Ooo yeaa i had some pretty good sleep  slept like a dead man the whole day. 

Yay neeners is joining us in making the avocoffee soap! I still don't know what i'm going to make..


Sent from my iPhone using Soap Making


----------



## seven (Aug 1, 2014)

Here it is out of the mold... The swirls on some of the middle bars were a bit over mixed, i got too excited with the spoon *sigh*

Blame the caffeine!






Sent from my iPhone using Soap Making


----------



## CaraBou (Aug 1, 2014)

*squeaks in joy*  They're gorgeous!  Seven, I think you can soap while sleepwalking!


----------



## summerflyy (Aug 1, 2014)

Truly splendid soap !


----------



## neeners (Aug 1, 2014)

Very pretty!!! These should be called something like "caffeine fritz" or something...


----------



## seven (Aug 1, 2014)

lol, thanks guys :* yesterday was, indeed, hilarious.. i was mortified, hahaha! i think we are a bunch of soap freaks here. i know i am  even in your most tired moment, you looked to the right at the fluffy pillows on the couch, then to the left at the messy kitchen, and your instinct still told you to make soap and go to the left! 
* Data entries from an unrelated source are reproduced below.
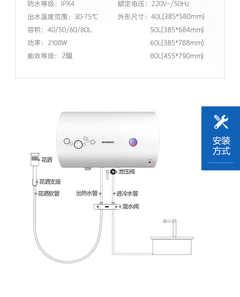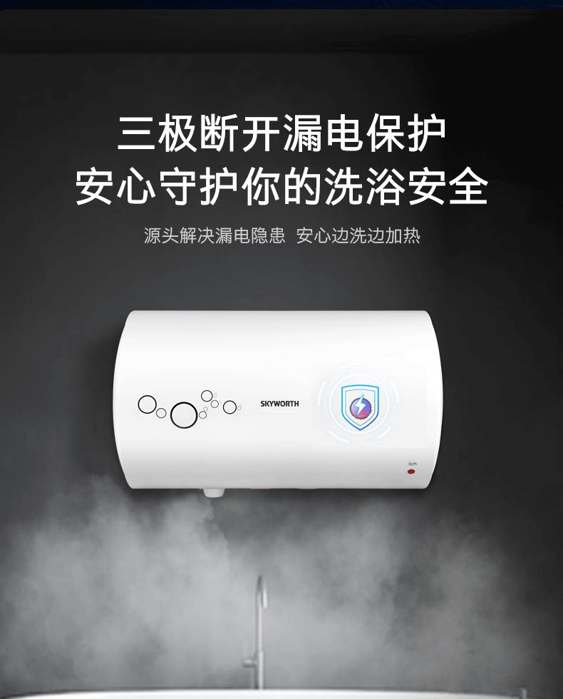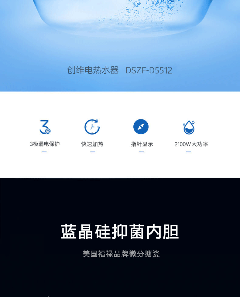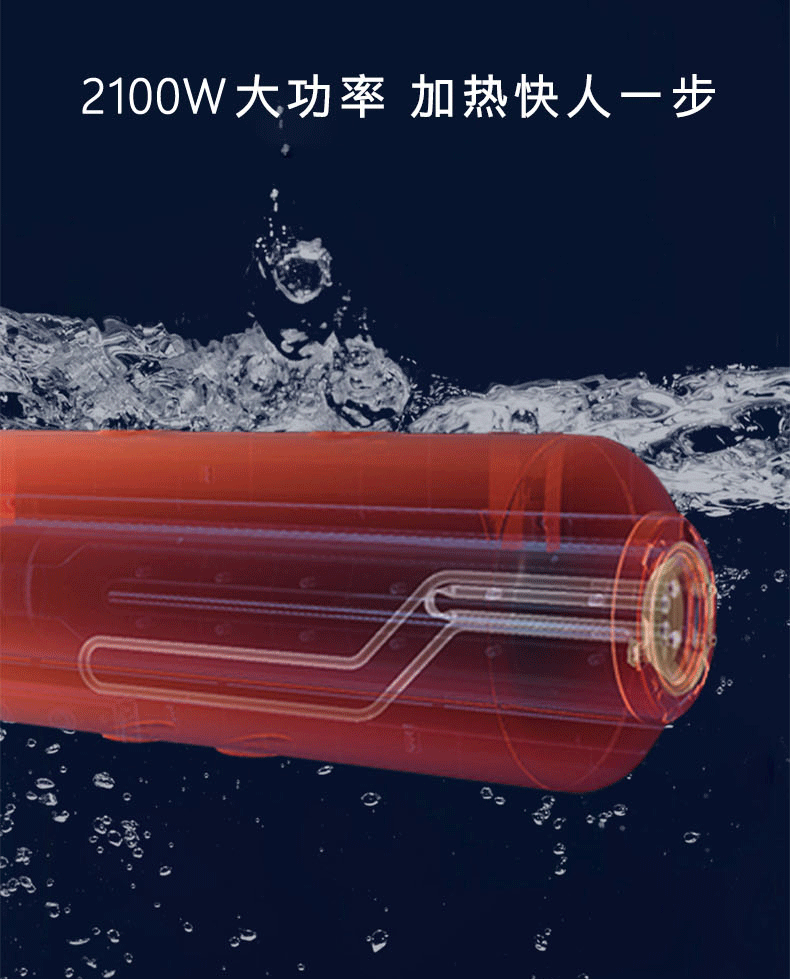 安全防電閘,全時(shí)護(hù)航家人用水安全; 2100W速熱,插電就洗熱水澡
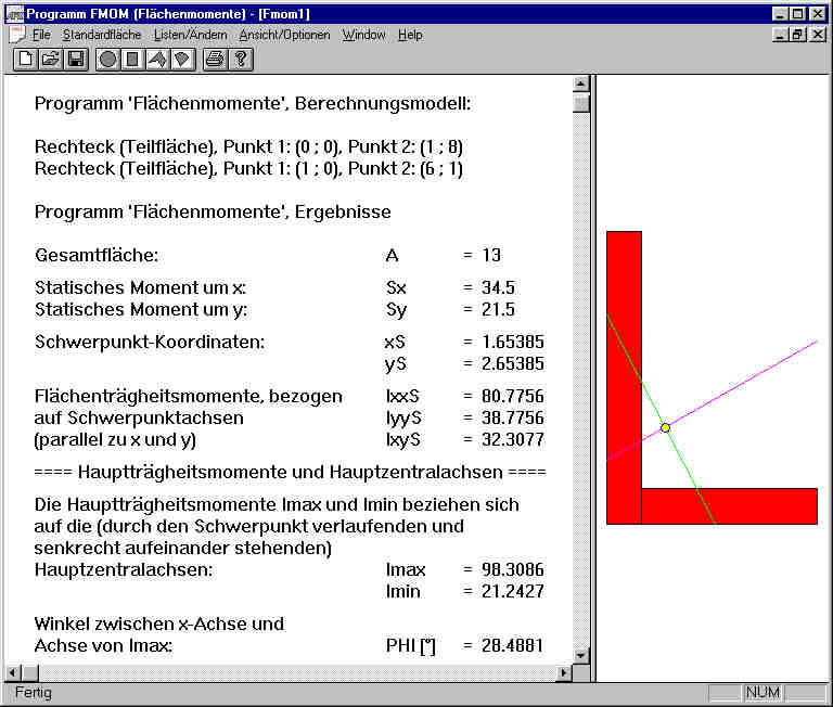 Der nachfolgende Bildschirm-Schnappschuss ist das Ergebnis der Berechnung mit dem Programm FMOM. Die Fläche wurde (genau wie bei der Rechnung auf der Seite 212) in zwei Rechtecke unterteilt (bei der Eingabe wurde a=1 gesetzt, so dass bei den Ergebnissen die Zahlenwerte der Koordinaten noch mit a, der Flächen mit a2, der statischen Momente mit a3 und der Flächenträgheitsmomente mit a4 multipliziert werden müssen): |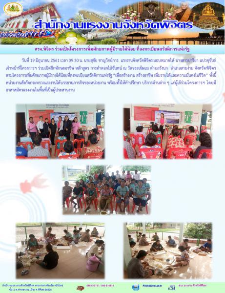 วันที่ 19 มิถุนายน 2561 เวลา 09.30 น. นายสุชัย ชาญวิกย์การ แรงงานจังหวัดพิจิตร มอบหมายให้ นางสาวปาริยา แปวขุขันธ์ เจ้าหน้าที่โครงการฯ ร่วมเปิดฝึกทักษะอาชีพ หลักสูตร การทำดอกไม้จันทน์ ณ วัดจระเข้ผอม ตำบลรังนก อำเภอสามง่าม จังหวัดพิจิตร ตามโครงการเพิ่มศักยภาพผู้มีรายได้น้อยที่ลงทะเบียนสวัสดิการแห่งรัฐ “เพื่อสร้างงาน สร้างอาชีพ เพิ่มรายได้และความมั่นคงในชีวิต” ทั้งนี้หน่วยงานสังกัดกระทรวงแรงงานได้บรรยายภารกิจของหน่วยงาน พร้อมทั้งให้คำปรึกษา บริการด้านต่าง ๆ แก่ผู้เข้ร่วมโครงการฯ โดยมีอาสาสมัครแรงงานในพื้นที่เป็นผู้ประสานงาน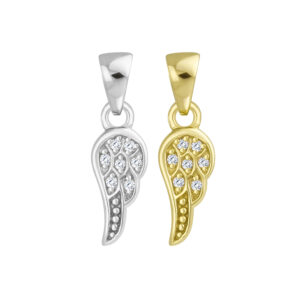 Понеси се в света на светлината и нежността с тази изящна сребърна висулка във форма на ангелско крило. Изработена от висококачествено сребро проба 925 и украсена с бляскави циркониеви камъни, тя символизира закрила, вяра и вътрешна сила. Перфектен подарък за любими хора или като личен талисман, който да напомня, че винаги има светлина около нас. Съчетава се елегантно с фина верижка и подхожда както за ежедневна визия, така и за специални поводи. Предлага се и в позлата.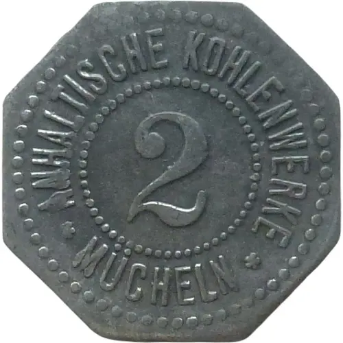 | Obverse lettering | ANHALTISCHE KOHLENWERKE 2 ✿ MÜCHELN ✿ |

almost forgot, @Ellacho i live in Jakarta, Indonesia, which is in SE Asia


----------



## PinkCupcake (Aug 1, 2014)

Oh, those are BEAUTIFUL!! I love anything pink, and I love the way your swirls are so...swirly! My spoon swirls are never half that pretty.


----------



## neeners (Aug 1, 2014)

I agree PinkCupcake.  my spoon swirls just end up looking like plops....


----------



## jules92207 (Aug 1, 2014)

Considering your state of mind and you still end up making beautiful soap - you are my new hero.


----------



## seven (Aug 1, 2014)

i quite like the pink as well! i was only able to mix the color by spatula because the batter was getting a bit thick, and there are these tiny specks of fluorescent pinks in the soap which are not supposed to be there had i mixed the color with a SB  another lesson learned here, never ever put colorants direct to the soap (liquids don't apply). it's better to mix them with oils first. well, some micas can be used directly, but fluorescents in powdered form = no no.

lol jules  funny, i survived making soap but failed at typing (avocado coffee *soap*).. oh boy!

neeners and coffeetime.. i'm still waiting on your avocofee soaps


----------



## fuzz-juzz (Aug 1, 2014)

Wow! Love them! Beautiful colours and swirls.


----------



## Ellacho (Aug 1, 2014)

WOW! How pretty!


----------



## seven (Aug 1, 2014)

Thank you ladies  considering the state i was in when i was making it, it turned out pretty okay 


Sent from my iPhone using Soap Making


----------



## coffeetime (Aug 11, 2014)

I just lined the mold for my avocado coffee soap. Should have pics tomorrow but I'll post them in the photo gallery.


----------



## seven (Aug 11, 2014)

holy yay! can't wait for the pics!


----------



## coffeetime (Aug 11, 2014)

All done and gelling. I used cocoa absolute and peppermint EO, and some green clay in half. Going for a chocolate mint vibe. Smells awesome! I used lard and sunflower so it should be very nice. I don't know how well the drop swirl went so we will see tomorrow.


----------



## jules92207 (Aug 11, 2014)

Ohhh sounds awesome!


----------